[ACTIVITY]:
What is needed is a faithful transcription of all the data below, pictures excluded.

____ DATA FOR REVIEW

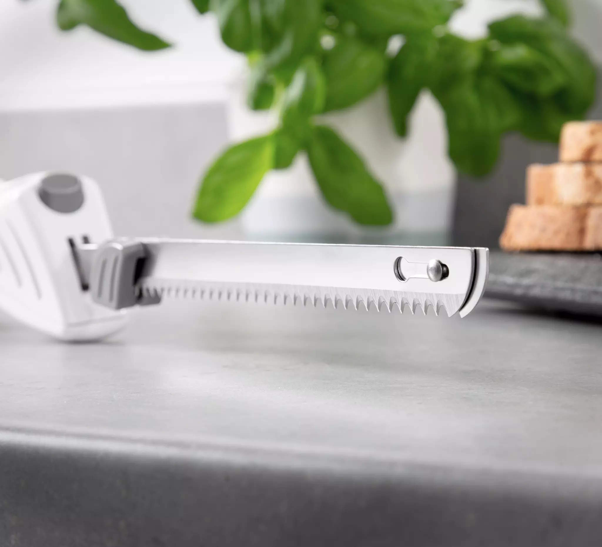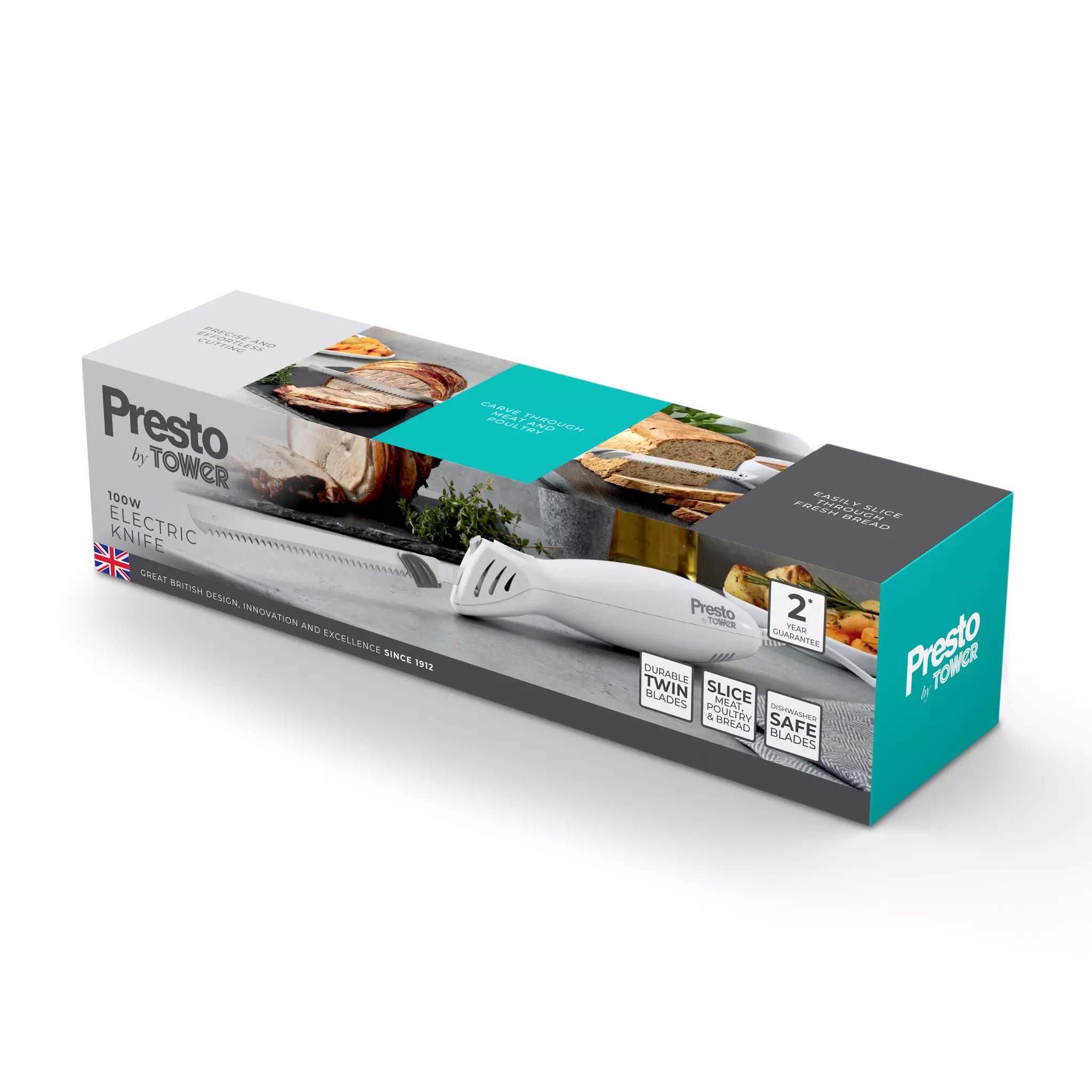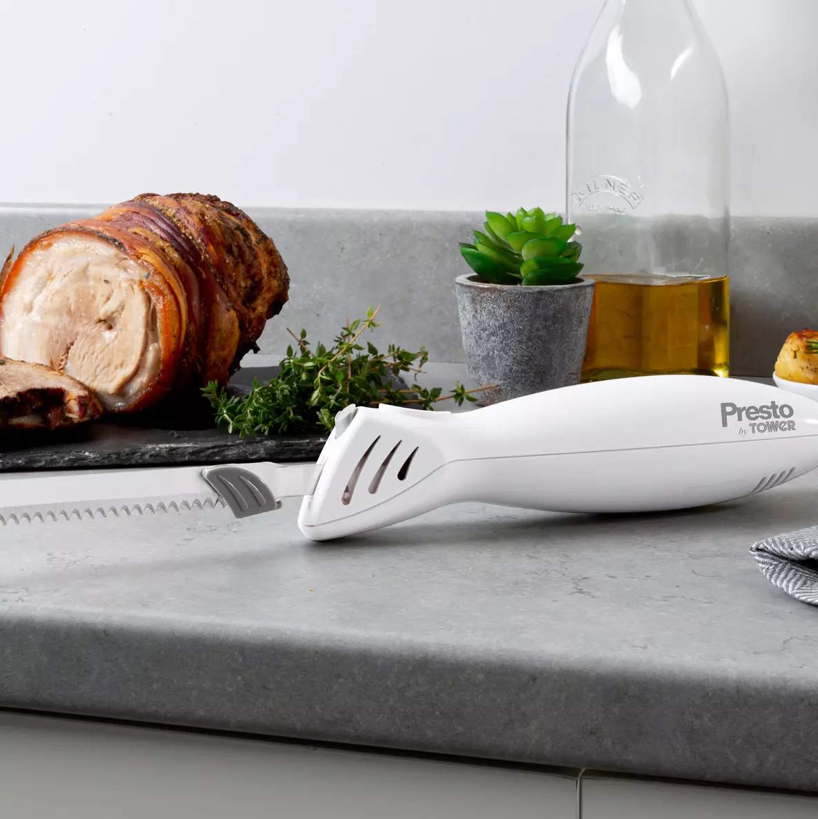 The Tower PT19027WHT Presto Electric Knife makes carving effortless and precise. Powered by a 100W motor and equipped with durable dual stainless steel blades, it’s designed to handle everything from roast meats to crusty bread. Quiet operation and a comfortable grip make it a reliable addition to any kitchen.
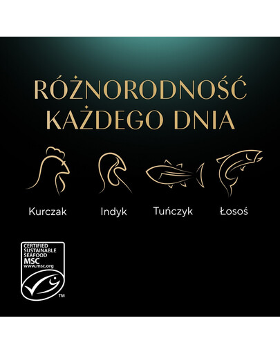 Bitar med kalkon med morot och ärtor: Ingredienser: kött och animaliska biprodukter* (94% av naturligt ursprung; varav 4% kalkon i bitar**), växtbaserade produkter*, grönsaker* (varav blandning av torkad morot och ärtor 1%, vilket motsvarar en innehåll av blandning av morot och ärtor på 5,6%), mineralämnen, jäst*, socker. *Ingredienser av naturligt ursprung. **Bitar utgör 43% av produkten.
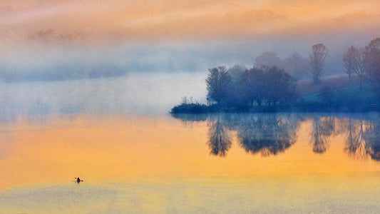 Into the Autumn Morning White Modern Wood Framed Art Print with Double Matting by Zhang, Eric
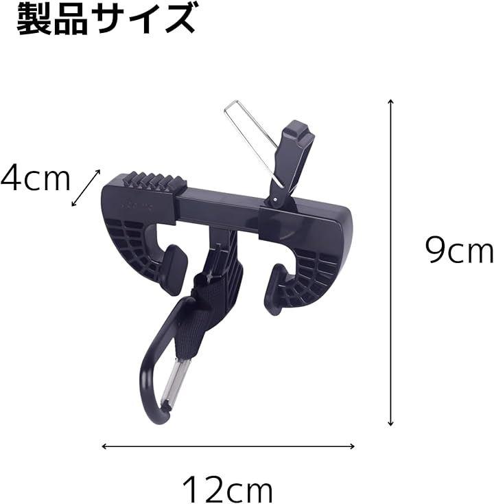 「便利なカラビナ付きで簡単取り付け」 丈夫なカラビナ付きデザインで、リュックやバッグ、ハンガー、ポールなどにワンタッチ装着。
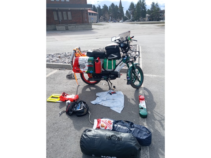 CAPITOLO 3: dal progetto alla road map. Continua Domenico: “Per darvi un’idea del tragitto, qualche numero: dalla Sicilia a Capo Nord, partendo il 10 maggio, attraversando 7 Nazioni (Italia, Austria, Germania, Danimarca, Norvegia, Svezia, Finlandia): oltre 11.700 km in totale, di cui 5.230 km il viaggio di andata in motorino, 6.500 km il ritorno in furgone; 2 traghetti; circa 140 litri di benzina consumati per il ciclomotore e 11 litri di olio; peso del ciclomotore 41 kg che, a pieno carico, diventano 180 kg, compreso il pilota. Durata del viaggio in totale: 25 giorni”. Road map in 20 tappe: Palermo-Livorno (nave); Livorno-Pontedera Museo Piaggio (45km); Pontedera-Trento (360 km); Trento- Gesserthausen (Germania, 360 km, la tappa più lunga, 10 ore); Gesserthausen-Bad Bruckenau (304 km); Bad Bruckenau-Braunschweig (273 km); Braunschweig-Kiel (275 km); Kiel-Viborg (Danimarca, 275 km); Viborg-Hirtshals (porto, 168 km e traghetto per la Norvegia); Larvik-Romendal (298 km); Romendal-Kvikne (261 km); Kvikne (Tovic Atlantic road)-Kristiansund (223 km); Kristiandund-Stjordal (244 km); Stjordal-Hàxàs (Svezia, 274 km); Hàxàs-Lycksele (246 km); Lycksele-Lulea (270 km); Lulea-Rovaniemi (Finlandia, Lapponia, 253 km); Rovaniemi-Saariselkà (257 km), Saariselkà-Lakselv (261 km); Lakselv-Nordkapp (Norvegia, 189 km).
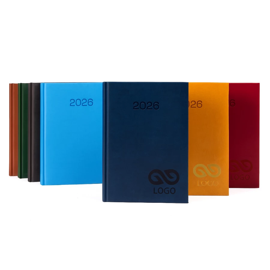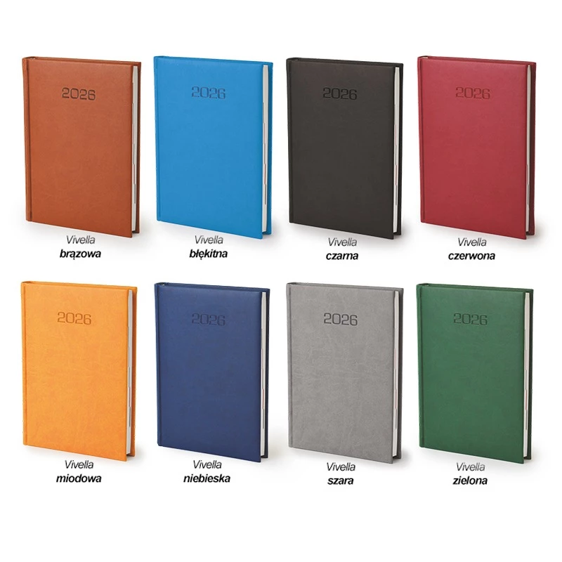 Kalendarz książkowy o formacie B5 z rozkładem dziennym to idealny produkt dla tych, którzy piszą dużo, szczegółowo lub po prostu mają dzień przepełniony zajęciami. Format jest wygodny, dzięki czemu możemy zabrać go ze sobą dosłownie wszędzie. Produkt posiada 368 stron, satynową tasiemkę w kolorze bordowym, druk w eleganckich szaro - bordowych odcieniach, a miękką w dotyku okładkę pokrywać może jeden z dziewięciu różnorodnych barw, które dostosować możesz pod logo Twojej firmy. Kalendarz ten przyda się uczniom i studentom do zapisywania planu dnia, lekcji czy prac domowych. Jeśli bardzo potrzebujesz uporządkować swoje zajętości, produkt ten sprawdzi się idealnie.
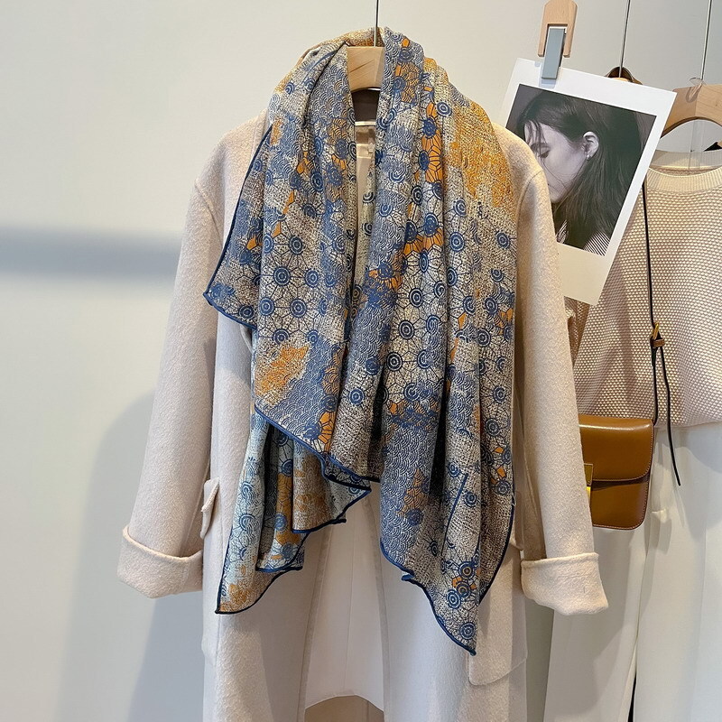 $ 7.9270% Cashmere 30% Silk Double Face Square Shawl with Chain Print 53 Inch
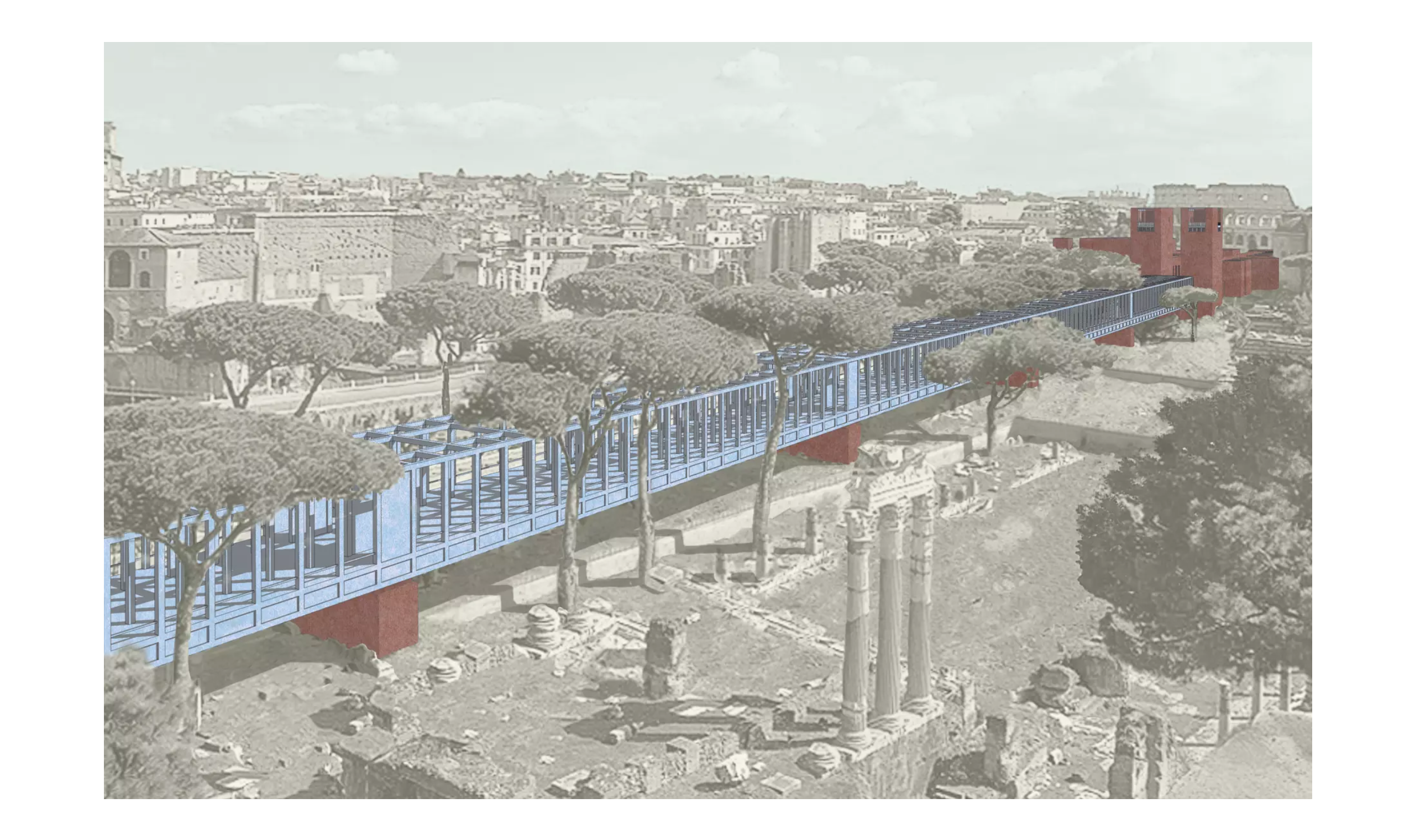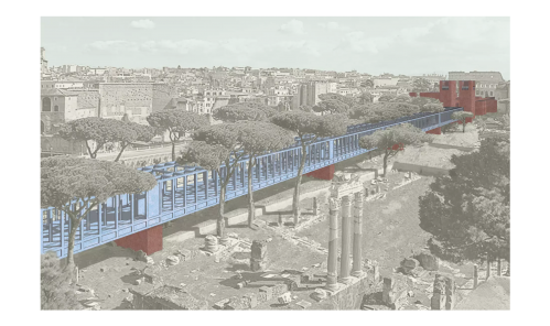 Auf einer Länge von 418,05 Metern überspannt die himmelblaue Stahlbrücke an der Stelle der Via dei fori das archäologische Feld der Kaiserforen. Alle 82,8 Meter ist die filigrane Konstruktion auf gemauerten Pfeilern, die sich respektvoll in die archäologische Anlage einfügen, aufgelagert. An der Stelle der ehemals aufgeschütteten Straße wird der stadträumliche und bauliche Zusammenhang zwischen den Kaiserforen und dem Forum Romanum von und unter der Brücke wieder erlebbar.

________

[RESPONSE FOR THIS EXERCISE]:
 The Tower PT19027WHT Presto Electric Knife makes carving effortless and precise. Powered by a 100W motor and equipped with durable dual stainless steel blades, it’s designed to handle everything from roast meats to crusty bread. Quiet operation and a comfortable grip make it a reliable addition to any kitchen.
 Bitar med kalkon med morot och ärtor: Ingredienser: kött och animaliska biprodukter* (94% av naturligt ursprung; varav 4% kalkon i bitar**), växtbaserade produkter*, grönsaker* (varav blandning av torkad morot och ärtor 1%, vilket motsvarar en innehåll av blandning av morot och ärtor på 5,6%), mineralämnen, jäst*, socker. *Ingredienser av naturligt ursprung. **Bitar utgör 43% av produkten.
 Into the Autumn Morning White Modern Wood Framed Art Print with Double Matting by Zhang, Eric
 「便利なカラビナ付きで簡単取り付け」 丈夫なカラビナ付きデザインで、リュックやバッグ、ハンガー、ポールなどにワンタッチ装着。
 CAPITOLO 3: dal progetto alla road map. Continua Domenico: “Per darvi un’idea del tragitto, qualche numero: dalla Sicilia a Capo Nord, partendo il 10 maggio, attraversando 7 Nazioni (Italia, Austria, Germania, Danimarca, Norvegia, Svezia, Finlandia): oltre 11.700 km in totale, di cui 5.230 km il viaggio di andata in motorino, 6.500 km il ritorno in furgone; 2 traghetti; circa 140 litri di benzina consumati per il ciclomotore e 11 litri di olio; peso del ciclomotore 41 kg che, a pieno carico, diventano 180 kg, compreso il pilota. Durata del viaggio in totale: 25 giorni”. Road map in 20 tappe: Palermo-Livorno (nave); Livorno-Pontedera Museo Piaggio (45km); Pontedera-Trento (360 km); Trento- Gesserthausen (Germania, 360 km, la tappa più lunga, 10 ore); Gesserthausen-Bad Bruckenau (304 km); Bad Bruckenau-Braunschweig (273 km); Braunschweig-Kiel (275 km); Kiel-Viborg (Danimarca, 275 km); Viborg-Hirtshals (porto, 168 km e traghetto per la Norvegia); Larvik-Romendal (298 km); Romendal-Kvikne (261 km); Kvikne (Tovic Atlantic road)-Kristiansund (223 km); Kristiandund-Stjordal (244 km); Stjordal-Hàxàs (Svezia, 274 km); Hàxàs-Lycksele (246 km); Lycksele-Lulea (270 km); Lulea-Rovaniemi (Finlandia, Lapponia, 253 km); Rovaniemi-Saariselkà (257 km), Saariselkà-Lakselv (261 km); Lakselv-Nordkapp (Norvegia, 189 km).
 Kalendarz książkowy o formacie B5 z rozkładem dziennym to idealny produkt dla tych, którzy piszą dużo, szczegółowo lub po prostu mają dzień przepełniony zajęciami. Format jest wygodny, dzięki czemu możemy zabrać go ze sobą dosłownie wszędzie. Produkt posiada 368 stron, satynową tasiemkę w kolorze bordowym, druk w eleganckich szaro - bordowych odcieniach, a miękką w dotyku okładkę pokrywać może jeden z dziewięciu różnorodnych barw, które dostosować możesz pod logo Twojej firmy. Kalendarz ten przyda się uczniom i studentom do zapisywania planu dnia, lekcji czy prac domowych. Jeśli bardzo potrzebujesz uporządkować swoje zajętości, produkt ten sprawdzi się idealnie.
 $ 7.9270% Cashmere 30% Silk Double Face Square Shawl with Chain Print 53 Inch
 Auf einer Länge von 418,05 Metern überspannt die himmelblaue Stahlbrücke an der Stelle der Via dei fori das archäologische Feld der Kaiserforen. Alle 82,8 Meter ist die filigrane Konstruktion auf gemauerten Pfeilern, die sich respektvoll in die archäologische Anlage einfügen, aufgelagert. An der Stelle der ehemals aufgeschütteten Straße wird der stadträumliche und bauliche Zusammenhang zwischen den Kaiserforen und dem Forum Romanum von und unter der Brücke wieder erlebbar.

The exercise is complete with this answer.